Five of a Kind is a 1938 American comedy film directed by Herbert I. Leeds and written by Lou Breslow and John Patrick. The film stars Jean Hersholt, Claire Trevor, Cesar Romero, Slim Summerville, Henry Wilcoxon and Inez Courtney. The film was released on October 14, 1938, by 20th Century Fox. The film follows the escalating rivalry between radio journalists Duke Lester (Romero) and Christine Nelson (Trevor) that culminates in a competition to cover the exploits of the famous Canadian quintuplets, the Wyatts, played by the Dionne quintuplets.

Plot
Reporters on rival newspapers, Christine Nelson (Claire Trevor) and Duke Lester (Cesar Romero), meet on the trail of a run-away heiress and engage in a series of tricks to get the scoop.

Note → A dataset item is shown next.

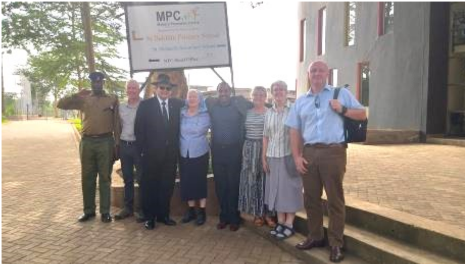
Northern Ireland Mission for Africa with local police representatives

Crime in the informal settlement is on the rise and skills students are no exception. Our aim is to ensure our students are prepared morally, ethically and skills wise, hence we have put a consensus effort to ensure we provide moral and ethical classes on Tuesday and Friday afternoons.

After being fired due to deliberate misinformation, Nelson gets a job as a radio interviewer setting her sights on the Dionne quintuplets. Lester gets wind of the interview, arrives first, and reignites the "war". Nelson wins this round.

To counter Nelson's popularity, Lester fabricates a story about sextuplets. Thinking she is breaking the story, Nelson talks on air to Lester's fake doctor. Other newshounds quickly expose the story as false, destroying a planned benefit for a New York orphanage-hospital.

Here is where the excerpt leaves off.